Working memory also contributes to inattentional blindness. Cognitive psychologists have examined the relationship between working memory and inattention, but evidence is inconclusive. The rate of this phenomenon can be impacted by a number of factors. Researchers have found evidence for a number of components that may play a role. These include features of the object and the current task, where an individual's attention lies relative to the object, and mental workload as mentioned above. Researchers Kreitz, Furley, and Memmery in 2015, asserted that working memory capacity is not an indicator of susceptibility to inattentional blindness. Instead, it is a combination of what stimulus the attention is directed to as well as the individual's personal expectations. There are individual differences that can play a role, but some argue those disparities are separate from capacity for working memory.
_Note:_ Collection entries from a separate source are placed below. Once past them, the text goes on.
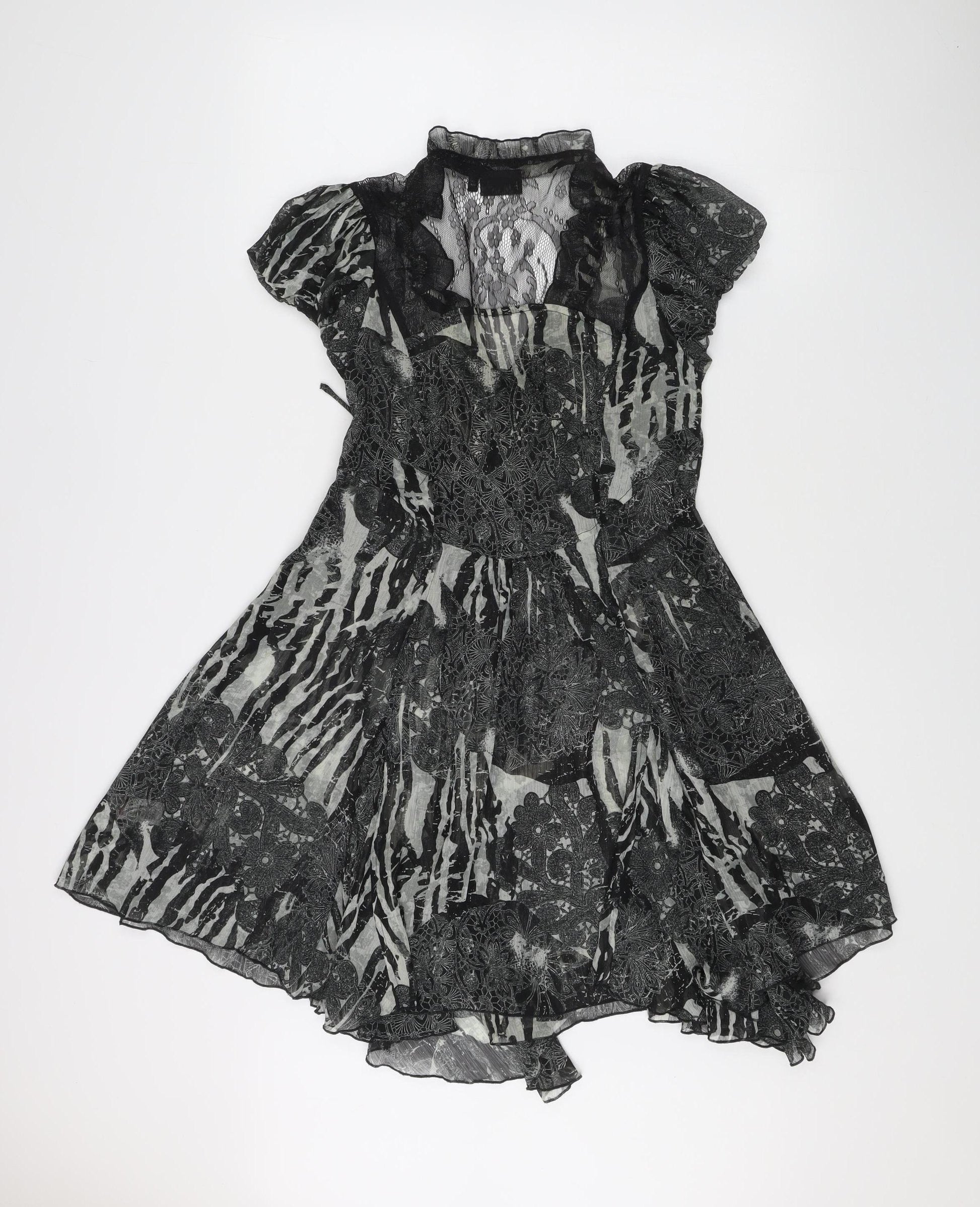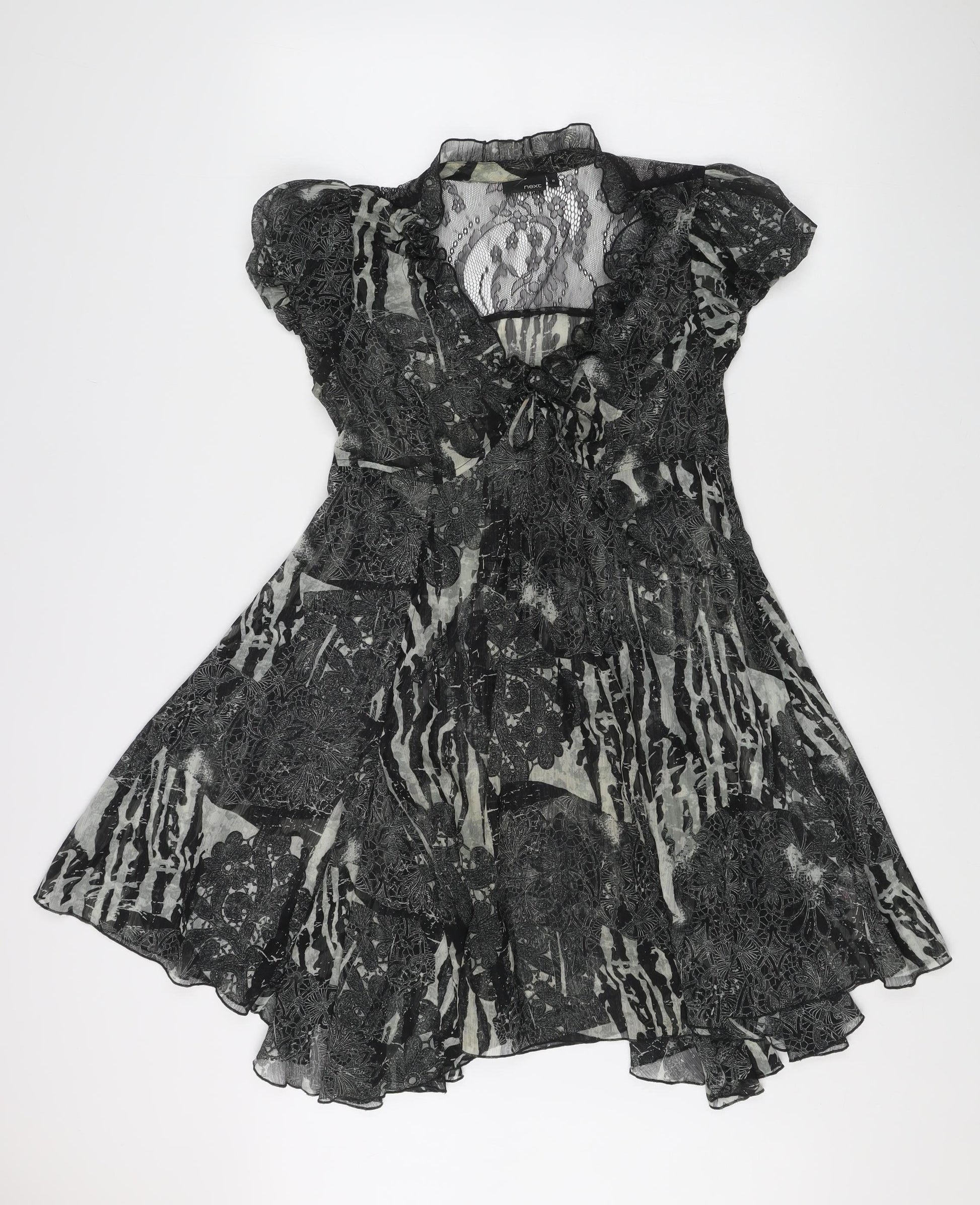 Next Women’s Black Floral Hi-Low Fit & Flare Dress UK 10 Puff Sleeve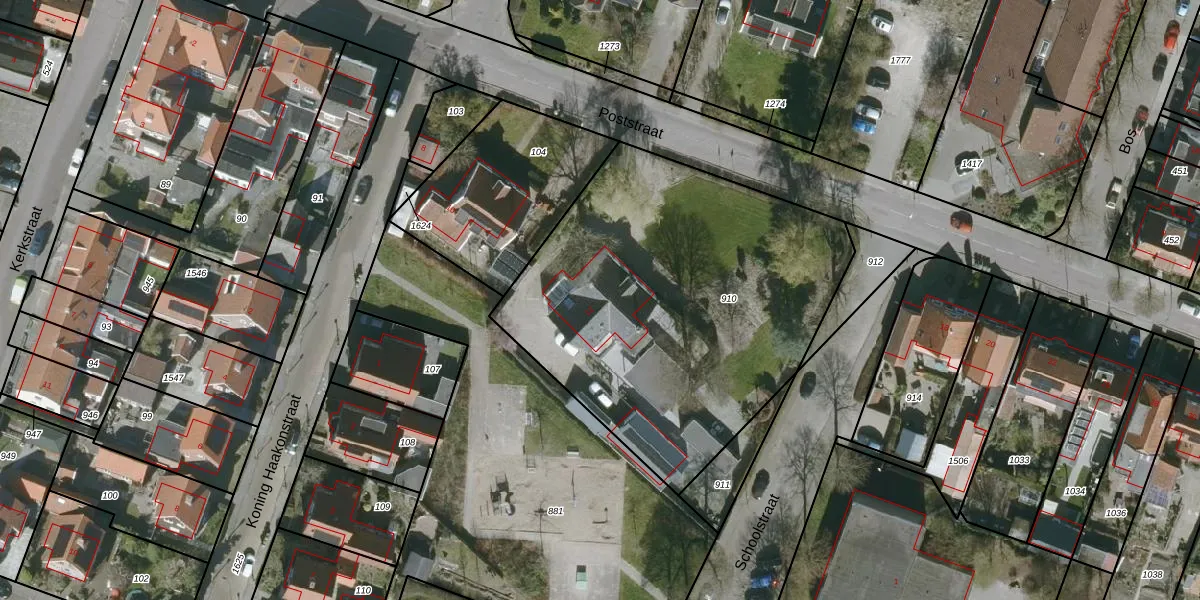 Het perceel waarop Poststraat 12 staat heeft een oppervlakte van 2050 m². Dit is een zeer groot perceel. De perceeloppervlakte wordt geregistreerd door het Kadaster. Gedetailleerde informatie over de maten van dit perceel kunt u vinden in het rapport Kadastrale kaart met maatvoering van Poststraat 12.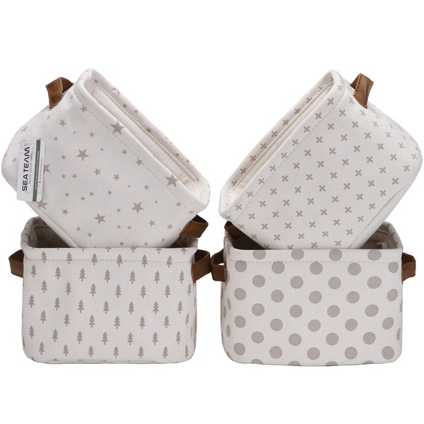 Sea Team Collapsible Small Canvas Fabric Storage Basket with Handles, Square Mini Storage Box, Cube, Foldable Shelf Basket, Closet, Desk Organizer for Nursery, Home, Office (Grey, Set of 4)

On the other hand, there are researchers who consider differences between individuals and their working memory capacity to be a stronger determinant of inattentional blindness. Seegmiller, Watson, and Strayer in 2011 for example, studied individual differences in working memory capacity and how that overall impacted their attention on a given task. They utilized the same Invisible Gorilla video Simons and Chabris did (as mentioned above), but they additionally had participants complete a mathematics test to measure their capacity. From their results, they were able to find a high correlation between an individual's working memory capacity and their susceptibility to inattentional blindness. Those who were calculated to have a lower capacity, more often experienced the blindness.
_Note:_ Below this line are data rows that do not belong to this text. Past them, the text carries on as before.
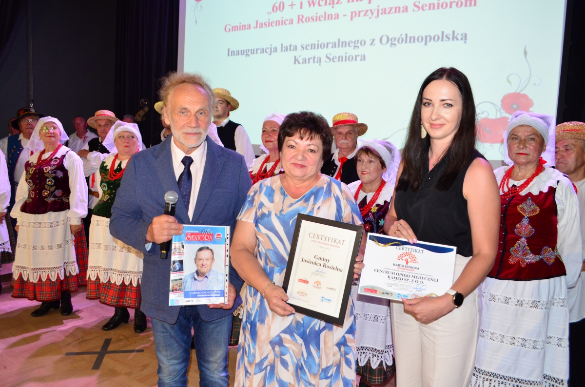 Uroczystą inauguracją w dniu 07.07.2025 w auli widowiskowej przy Urzędzie Gminy w Jasienicy Rosielnej, pod hasłem „ 60 + i wciąż na plus – Gmina Jasienica Rosielna przyjazna Seniorom”, podkreśliliśmy fakt przystąpienia naszej Gminy do Programu „ Gmina przyjazna Seniorom - Ogólnopolska Karta Seniora”, jak również podjęliśmy żywą dyskusje na temat walorów aktywności społecznej, fizycznej i kulturalnej w wieku senioralnym. Organizator spotkania, a mianowicie Gminny Ośrodek Pomocy Społecznej w Jasienicy Rosielnej, któremu przekazano do bezpośredniej realizacji zadanie związane z jego obsługą w tym kolportażem Kart Seniora - zadbał o to, aby spotkanie to było wyjątkowe i wartościowe nie tylko pod kątem przekazu najważniejszych informacji, ale także atrakcyjne pod względem widowiskowym. Panel dyskusyjny na temat idei, głównych założeń Programu jak również na temat szeroko pojętego bezpieczeństwa i znaczenia aktywności dla wieku senioralnego człowieka, poprowadził dr inż. Marek Pilch – przedstawiciel Stowarzyszenia „Manko” z siedzibą w Krakowie, natomiast całość spotkania koordynowała i moderowała dr Beata Jamrógiewicz z Gminnego Ośrodka Pomocy Społecznej w Jasienicy Rosielnej.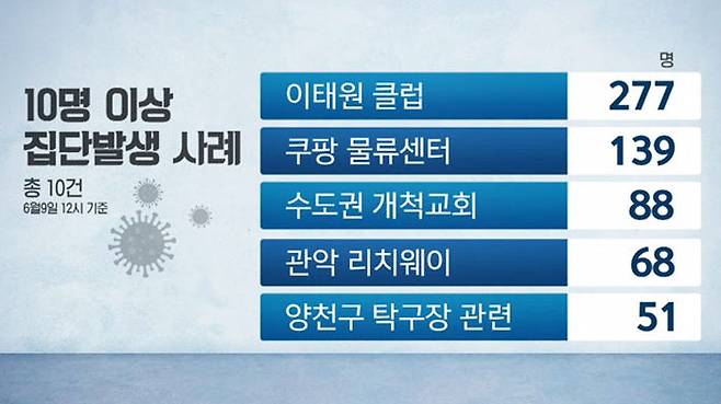 지난달 6일 생활 속 거리 두기가 시작된 뒤 감염자가 10명 넘게 나온 집단감염 사례는 모두 10건입니다.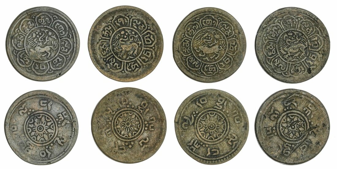 Tibetan Government, Anonymous, AE 5-Skar (4), Dode mint, lion looking up and backwards, T.E.15-48 all lions struck from different dies (KM. Y#17.2 var), fine to very fine, scarce (4)

In a follow-up study the same year, Kreitz and her team looked specifically at the cognitive abilities between individuals. Her team employed a variety of tasks, both static and dynamic, to compare the participants who had their cognitive capacity measured beforehand. Even though they included different tasks to test individuals, there was not a measurable relationship between the cognitive abilities of a participant and their attention performance. They did, however, find evidence to support the idea that noticing a certain stimuli was better in those demonstrating expertise in the task subject (referenced above). Overall, Kreitz concluded that cognitive/working memory capacity might not be an accurate measure for inattentional blindness. Instead, they determined that the rate of noticing might be both circumstantial and dependent on the requirements of the task.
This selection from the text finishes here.